# He's Here!



## BurningAmber520 (Jan 6, 2009)

Well Silver has arrived! He seems to have settled in well, I put all of his new clothes on him, took him for a walk around the farm, let him wander around in the indoor for a while and gave him a good grooming. He's such a sweetie! I walked him around outside in the huge windstorm we were having and he only got a little quick. When I let him loose in the indoor he just followed me for the most part. I love him so much! 

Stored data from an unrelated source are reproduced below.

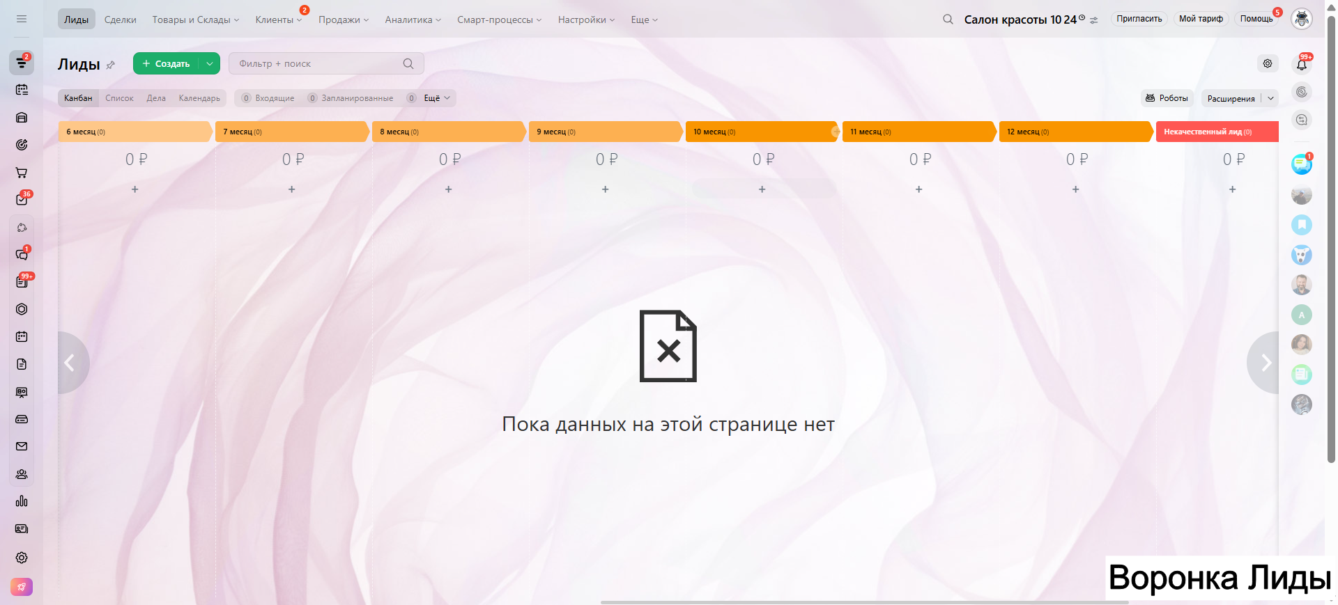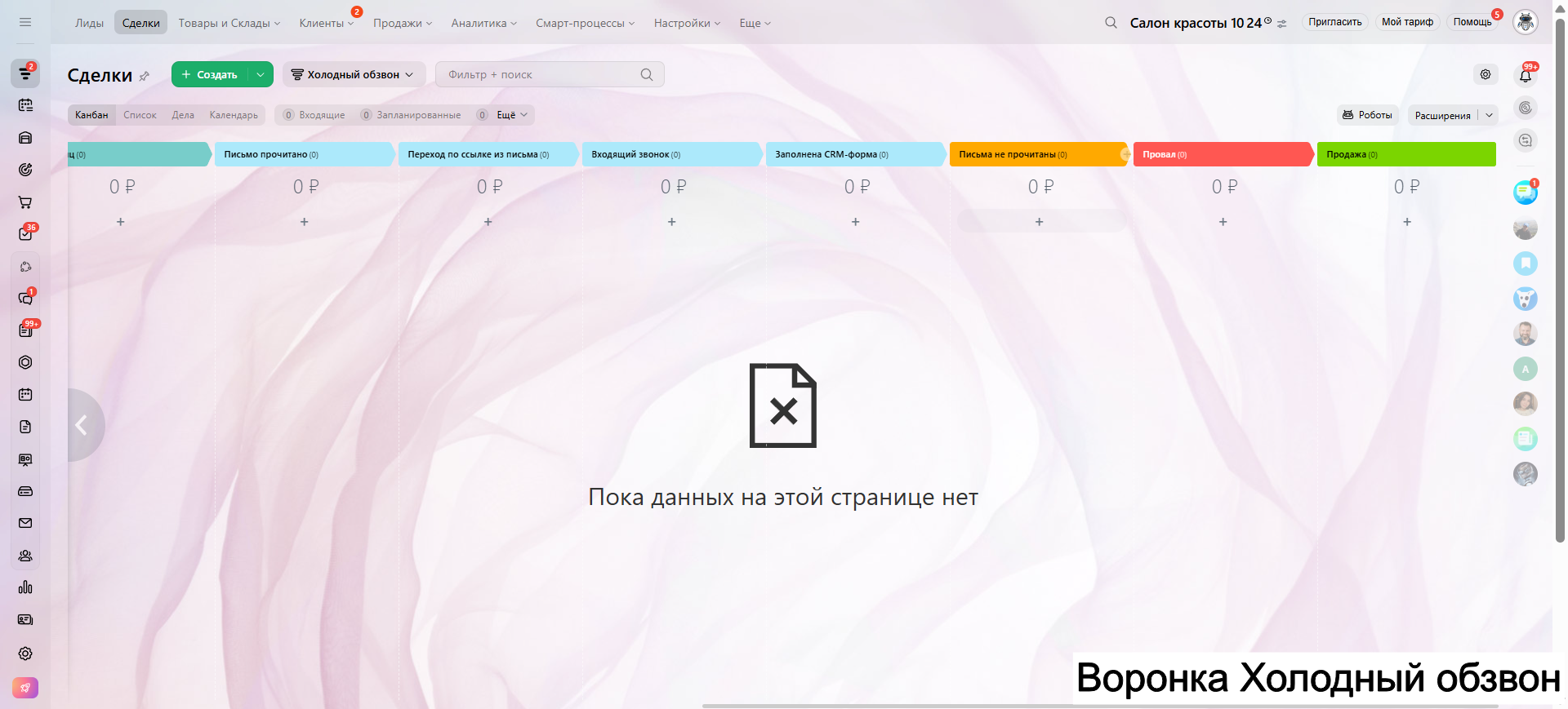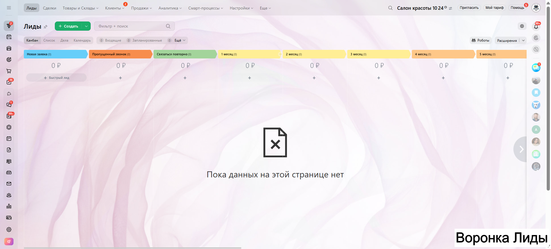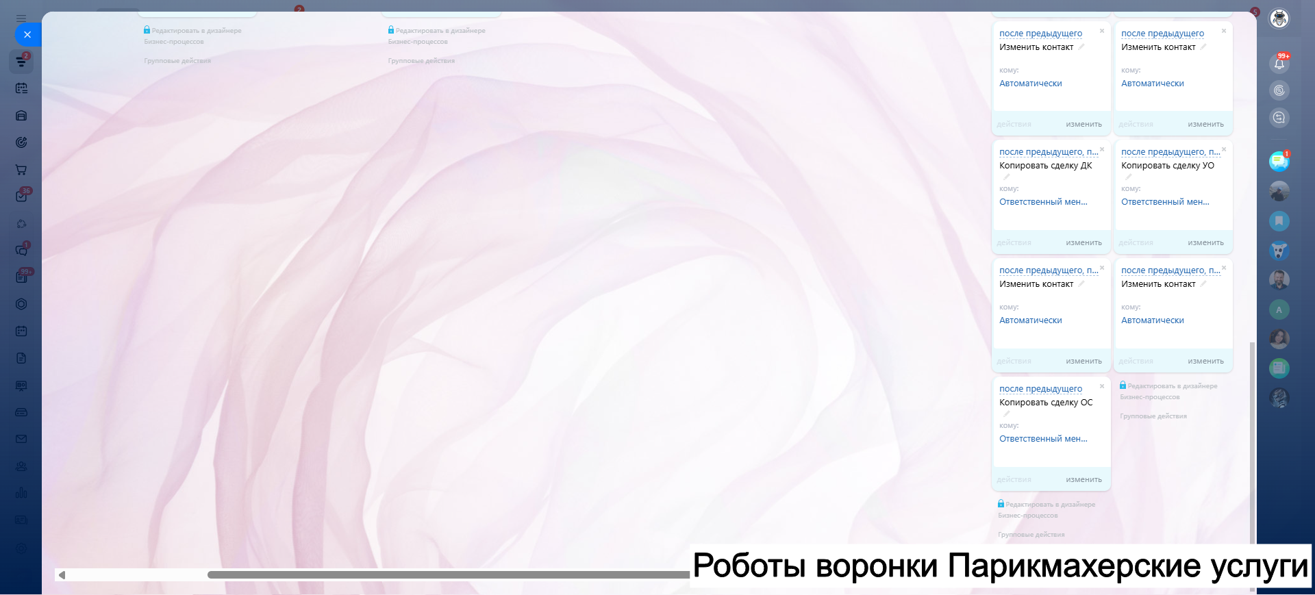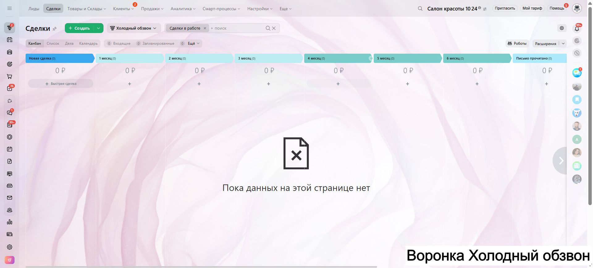 Видео инструкция по работе с готовой CRM для салона красоты в RuTube: https://rutube.ru/video/a06b4ef58924b4aa085482bf07d6df21/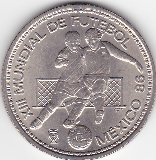 The 1986 Portuguese 100 Escudos coin, issued to commemorate the World Cup in Mexico, is composed of copper-nickel and is 33.5 mm in diameter. The circulation was 500,000 copies. The design celebrates the sporting event, highlighting football and the spirit of competition.
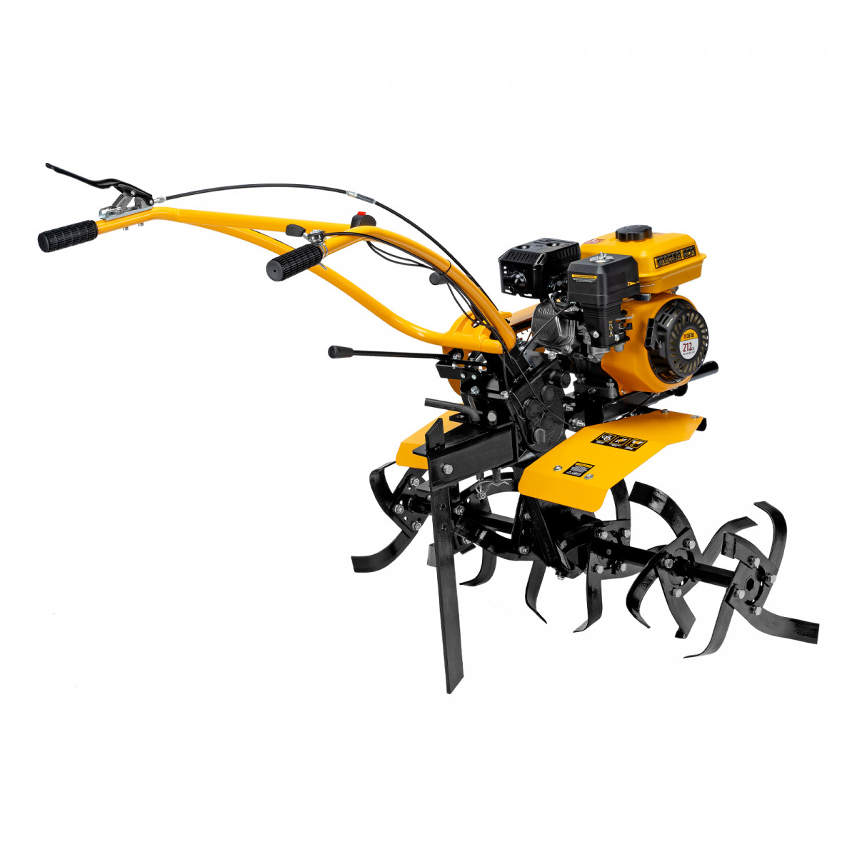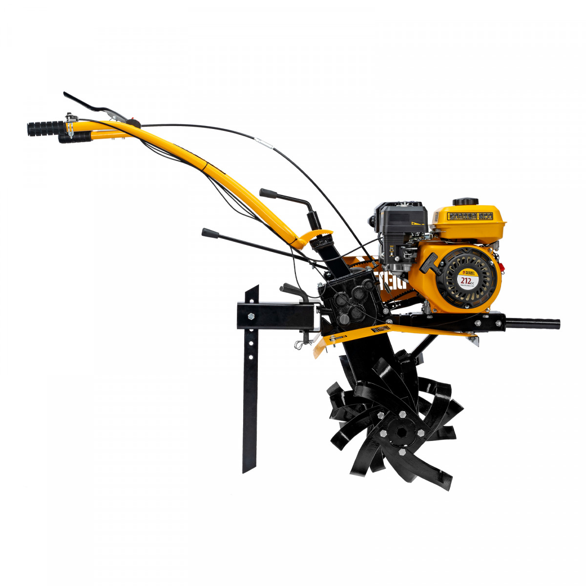 • Эффективная работа — благодаря усиленному шестеренчато-цепному редуктору с чугунным корпусом мотоблок успешно справляется даже с плотным, глинистым грунтом.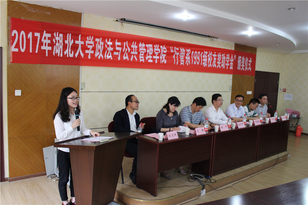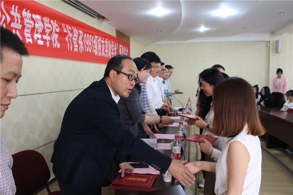 随后,郑全新书记宣布获奖员工名单,戴红利等15名同学获得“行管系1991级员工奖助学金”。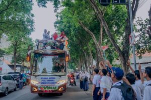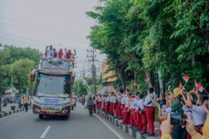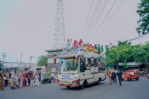 Gresik https://mediarestorasiindonesia.co.id 5 Maret 2024 – Bupati Gresik Fandi Akhmad Yani dan Wakil Bupati Aminatun Habibah bersama jajaran melakukan kirab menyambut Piala Adipura yang diterima dari Kementerian Lingkungan Hidup dan Kehutanan (KLHK), Selasa (04/03). Diiringi sambutan masyarakat yang luar biasa, mereka memulai kirab dari Tugu Selamat Datang Kabupaten Gresik menggunakan Bus Wisata Grissee.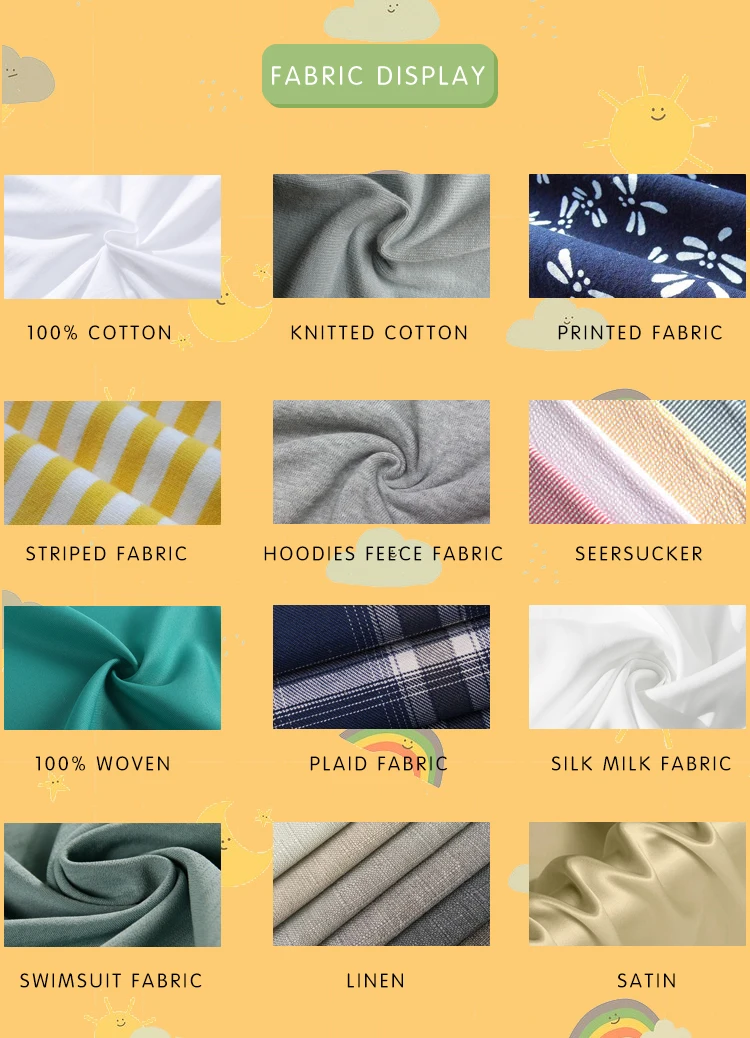 Fabric | 1. Cotton, Polyester, Spandex,Linen,Satin,ect ; 2. Other fabric composition as your requirement. | ||||||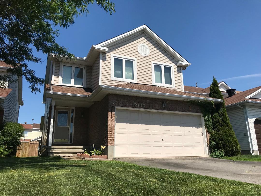 Ottawa, Orleans (Fallingbrook). Beautiful Single Family House for rent with 2119 sq ft. 4 bedrooms and 2.5 bathrooms. Available Immediately! Hardwood floors throughout the main floor and 2nd level! Open concept main floor with living/dining rooms. Eat-in kitchen is spacious with plenty of cupboards and stainless steel appliances. Separate family room with double sided wood fireplace. Master bedroom with walk-in closet and 4pce ensuite. Secondary bedrooms are of good size. Laundry! Lower level is partially finished. Hot water tank rental is extra. Fully fenced backyard with deck and shed. Central air. Double car garage. Close to great schools, shopping, transit and parks. Family oriented neighborhood.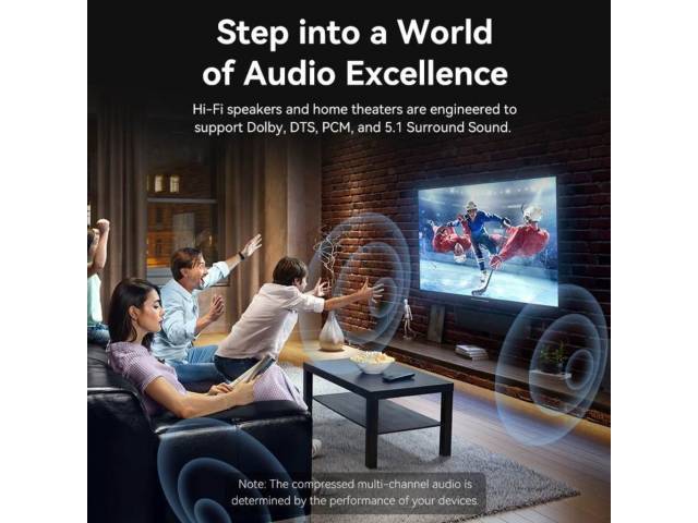Calidad de sonido incomparable: Disfrute de un audio sin distorsiones con soporte para Dolby, DTS, PCM y sonido envolvente 5.1, brindando una experiencia de audio envolvente.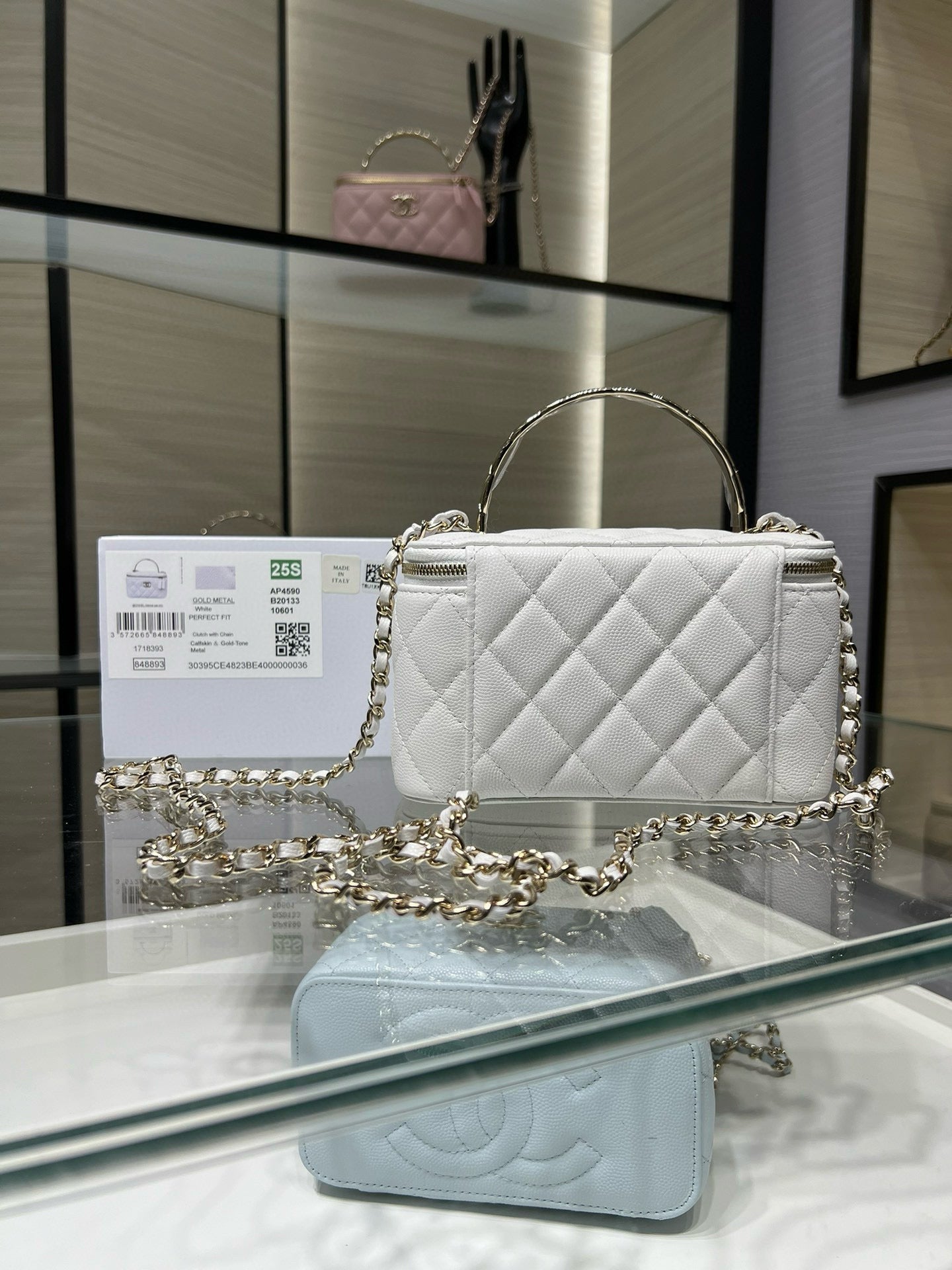 CC 25S Small Vanity 17cm White Grained Calfskin Light Gold Hardware

Some things that I have learned about him so far:
1) He has never looked at himself in a mirror before and he thinks they are absolutely fascinating. 
2) He hates the light on my phone when I take pictures, and will give me the cold shoulder if I use it. 
3) He's scared of clippers, the sound make him start shaking.
4) He LOVES to be brushed 
5) He eats REALLY SLOW 
6) He's very lovey on cross ties, in the ring etc. but in his stall he's very stand offish 

Pictures from today!


----------



## Dustbunny (Oct 22, 2012)

Handsome dude!
Seems like he is just looking around, taking it all in.


----------



## Klassic Superstar (Nov 30, 2009)

So handsome!
Looks like a great mellow guy!
Fabulous clothing choice!


----------



## gigem88 (May 10, 2011)

Congrats, he looks like a ham! I can see him savoring every bite of his feed, very nice boy.


----------



## prairiewindlady (Sep 20, 2011)

Wow! He looks a lot like my boy!


----------



## BurningAmber520 (Jan 6, 2009)

Got on Silly today! He was not a fan of the big wooden mounting block hehe, but he was fabulous once I got on! We walked and trotted around for like a 1/2 hour and he was really good! I'm really happy considering the last barn he was at, he was at for 10 years and only left a couple times, mostly did home shows. He's such a good boy!

Ready for our ride


----------



## newbierider (Mar 15, 2010)

I am so happy for you, enjoy!


----------